The deeper wisdom here touches on how success changes not just circumstances but self-perception. People who climb social or professional ladders often reconstruct their personal narratives to match their new positions. They begin to see their current status as natural rather than earned through struggle and help from others. This psychological shift explains why the proverb focuses on forgetting rather than simple arrogance. The forgetting is genuine because remembering humble origins can feel incompatible with maintaining authority and confidence in elevated roles.
When AI Hears This
Organizations work like memory erasers that delete shared experiences between levels. The parson cannot remember being a clerk because his new role rewrites how he sees the world. His brain now sorts people into completely separate categories. The institution teaches him that parsons and clerks are different types of humans, not the same person at different times.
This memory deletion happens because hierarchies need people to believe positions are natural and permanent. If the parson remembered struggling as a clerk, he might treat current clerks as equals. The system prevents this by making his old role feel like someone else’s life. His mind protects the hierarchy by forgetting experiences that would create sympathy across levels.
What fascinates me is how perfectly this serves both individual and group survival needs. The parson gains confidence and authority by forgetting his humble past. Meanwhile, the organization stays stable because leaders don’t constantly question the system. This “forgetting” creates the psychological distance needed for hierarchies to function. It turns potentially disruptive empathy into smooth institutional operations.
Lessons for Today
Living with awareness of this pattern requires honest self-reflection about how success affects memory and behavior. The challenge lies not in avoiding advancement but in maintaining connection to earlier experiences and the people who helped along the way. This means regularly asking whether current attitudes toward others reflect genuine wisdom or simply the comfort of higher status.

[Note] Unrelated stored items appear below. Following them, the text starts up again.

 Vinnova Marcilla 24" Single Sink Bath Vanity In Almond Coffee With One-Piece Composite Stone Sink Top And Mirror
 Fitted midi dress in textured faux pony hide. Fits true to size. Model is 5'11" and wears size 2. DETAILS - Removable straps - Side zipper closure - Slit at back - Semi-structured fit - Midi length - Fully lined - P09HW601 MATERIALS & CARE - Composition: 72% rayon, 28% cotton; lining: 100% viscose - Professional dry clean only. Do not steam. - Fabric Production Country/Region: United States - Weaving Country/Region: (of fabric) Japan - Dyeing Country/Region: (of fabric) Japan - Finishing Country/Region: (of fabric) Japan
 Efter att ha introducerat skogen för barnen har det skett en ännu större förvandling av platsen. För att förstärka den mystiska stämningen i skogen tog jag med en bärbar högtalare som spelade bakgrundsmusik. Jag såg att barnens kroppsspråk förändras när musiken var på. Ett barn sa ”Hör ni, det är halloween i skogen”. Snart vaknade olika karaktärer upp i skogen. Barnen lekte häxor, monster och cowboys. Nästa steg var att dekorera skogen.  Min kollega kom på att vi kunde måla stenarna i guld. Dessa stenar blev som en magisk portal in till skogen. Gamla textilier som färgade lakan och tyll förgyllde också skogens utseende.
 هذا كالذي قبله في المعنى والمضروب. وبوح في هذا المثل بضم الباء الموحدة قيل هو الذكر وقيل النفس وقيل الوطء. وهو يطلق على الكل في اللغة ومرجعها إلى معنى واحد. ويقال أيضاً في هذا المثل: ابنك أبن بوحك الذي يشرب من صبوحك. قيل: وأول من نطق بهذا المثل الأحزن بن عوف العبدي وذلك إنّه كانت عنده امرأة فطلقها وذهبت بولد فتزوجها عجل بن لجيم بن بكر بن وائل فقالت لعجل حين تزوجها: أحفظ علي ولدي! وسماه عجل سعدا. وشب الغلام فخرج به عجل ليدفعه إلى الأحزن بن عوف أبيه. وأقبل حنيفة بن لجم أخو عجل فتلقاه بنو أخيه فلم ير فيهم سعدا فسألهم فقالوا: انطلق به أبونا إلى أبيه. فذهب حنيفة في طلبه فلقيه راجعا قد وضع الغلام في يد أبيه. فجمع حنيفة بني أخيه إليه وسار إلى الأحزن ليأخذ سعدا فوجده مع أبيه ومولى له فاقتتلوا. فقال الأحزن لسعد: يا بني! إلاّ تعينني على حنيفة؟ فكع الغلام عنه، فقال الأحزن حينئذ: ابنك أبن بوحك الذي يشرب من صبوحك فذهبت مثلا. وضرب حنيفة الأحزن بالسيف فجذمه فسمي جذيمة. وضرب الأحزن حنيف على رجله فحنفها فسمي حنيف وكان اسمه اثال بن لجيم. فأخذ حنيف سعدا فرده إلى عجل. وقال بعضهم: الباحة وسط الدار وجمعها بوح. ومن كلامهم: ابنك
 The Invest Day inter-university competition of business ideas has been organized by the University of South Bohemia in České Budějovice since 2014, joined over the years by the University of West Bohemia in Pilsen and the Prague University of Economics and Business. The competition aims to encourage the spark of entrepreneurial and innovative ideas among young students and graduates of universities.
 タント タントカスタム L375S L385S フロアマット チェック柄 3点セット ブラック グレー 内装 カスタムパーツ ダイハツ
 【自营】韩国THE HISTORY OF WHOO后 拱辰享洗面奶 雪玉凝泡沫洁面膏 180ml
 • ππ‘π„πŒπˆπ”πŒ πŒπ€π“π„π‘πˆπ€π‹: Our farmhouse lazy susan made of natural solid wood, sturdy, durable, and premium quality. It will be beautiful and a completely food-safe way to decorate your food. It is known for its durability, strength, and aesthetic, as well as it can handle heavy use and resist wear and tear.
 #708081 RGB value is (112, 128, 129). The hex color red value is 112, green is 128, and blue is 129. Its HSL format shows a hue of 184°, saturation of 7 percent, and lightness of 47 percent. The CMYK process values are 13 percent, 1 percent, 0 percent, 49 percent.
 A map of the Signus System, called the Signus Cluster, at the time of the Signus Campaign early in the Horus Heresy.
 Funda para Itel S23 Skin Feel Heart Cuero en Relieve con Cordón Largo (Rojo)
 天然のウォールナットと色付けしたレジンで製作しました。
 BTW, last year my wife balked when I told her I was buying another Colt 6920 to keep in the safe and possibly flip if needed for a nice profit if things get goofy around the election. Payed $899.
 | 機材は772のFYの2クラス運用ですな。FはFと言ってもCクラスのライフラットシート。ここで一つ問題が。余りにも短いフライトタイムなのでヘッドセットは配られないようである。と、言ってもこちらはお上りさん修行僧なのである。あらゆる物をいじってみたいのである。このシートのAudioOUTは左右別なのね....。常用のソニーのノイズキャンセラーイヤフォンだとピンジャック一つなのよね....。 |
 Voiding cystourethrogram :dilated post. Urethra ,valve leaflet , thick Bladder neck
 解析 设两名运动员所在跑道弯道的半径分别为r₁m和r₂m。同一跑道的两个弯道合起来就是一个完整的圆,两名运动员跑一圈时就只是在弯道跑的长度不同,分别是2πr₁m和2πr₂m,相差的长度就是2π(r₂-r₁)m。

In relationships and work environments, this wisdom suggests paying attention to how people treat those in positions they once held themselves. A manager who dismisses entry-level concerns may have forgotten their own early confusion and mistakes. A wealthy person who judges financial struggles harshly might have lost touch with their own past worries about money. Recognizing this pattern in others builds understanding, while watching for it in ourselves prevents the isolation that comes with forgetting our roots.
The most practical application involves deliberately maintaining connections to earlier versions of ourselves and the communities that supported our growth. This might mean staying involved with people from previous life stages, volunteering in areas related to past struggles, or simply taking time to remember specific moments of difficulty and uncertainty. The goal is not to diminish current achievements but to keep them in perspective. When we remember being the clerk, we can be parsons who actually deserve the respect that comes with the position.